Carto sues the US Postal Service in Washington, DC, in an attempted end-run around the court-ordered receivership. He loses.

Spotlight readers are told not to worry about the mail seizures. (May 4)

Spotlight readers are again told about the mail seizures, but not the reasons behind them. (May 11)

Willis and Elisabeth Carto, and Liberty Lobby, file for bankruptcy in an attempt to avoid collection efforts by the IHR arising out of their conversion of millions meant for the IHR.

1999

2000

2001

It is important to understand that at no time during Carto’s long association with the IHR did he ever contribute so much as a nickel of his own money to the enterprise. Contrary to Carto’s claims that he beneficently funded the IHR over the years, the truth is that his leadership has cost the IHR as much as $500,000 between 1966 and 1984, and since then he has gotten away with millions of IHR funds.

The Institute for Historical review thrived not because of Carto, but in spite of him. Under the guidance of Tom Marcellus, Mark Weber, Ted O’Keefe, Robert Faurisson, Bradley Smith, James J. Martin, Arthur Butz, and many others, and with the generous financial support of thousands of revisionists over the years, IHR has grown in prestige and influence to become an important force in correcting the historical record.

It is a mark of Carto’s character that his relationship with every single IHR director and IHR Journal editor (David McCalden, Keith Stimely, Michael Hoffman, Robert Berkel, Ted O’Keefe, Mark Weber, and Tom Marcellus) has ended in acrimony.

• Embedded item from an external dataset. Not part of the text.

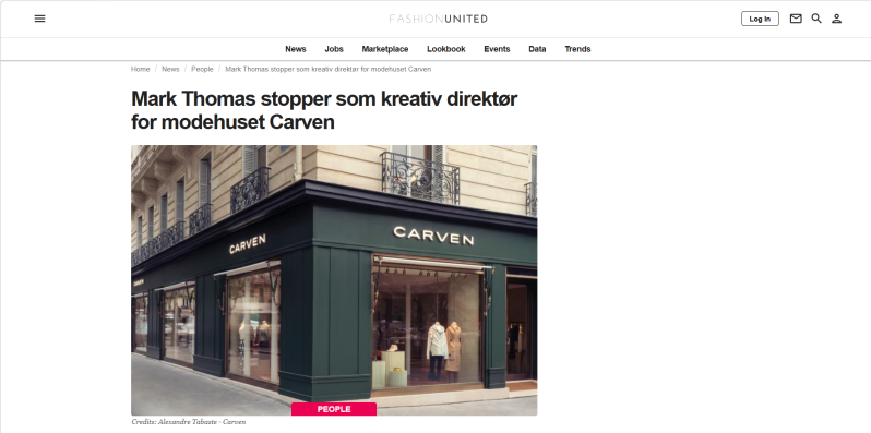 公告报道显示,Mark Thomas于2023年加入Carven,担任高级设计师,也是Louise Trotter的得力助手。后接替了转投Bottega Veneta的Louise Trotter,并于2025年3月成为Carven的创意总监。
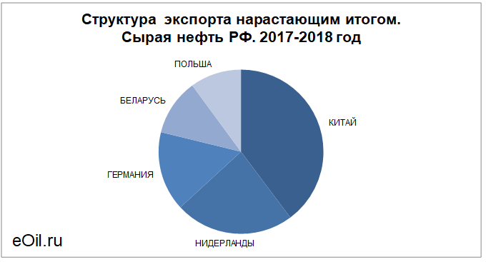 Структура экспорта сырой нефти из России нарастающим итогом по годам

Since Carto’s termination, IHR has been forced to spend tens of thousands of dollars and invest countless man-hours to shield itself against his attempts to take over or bankrupt it. Carto’s high-powered lawyers are charging him at least $250 an hour to destroy the IHR. It is estimated that Carto has thus far spent more than $500,000 in his legal assault against IHR. There is no telling if Carto is using previously-diverted IHR funds to attack the IHR, or if he is diverting funds from some other entity or entities that he controls. Whatever its source, the money is most certainly not being used as intended by those who originally donated it.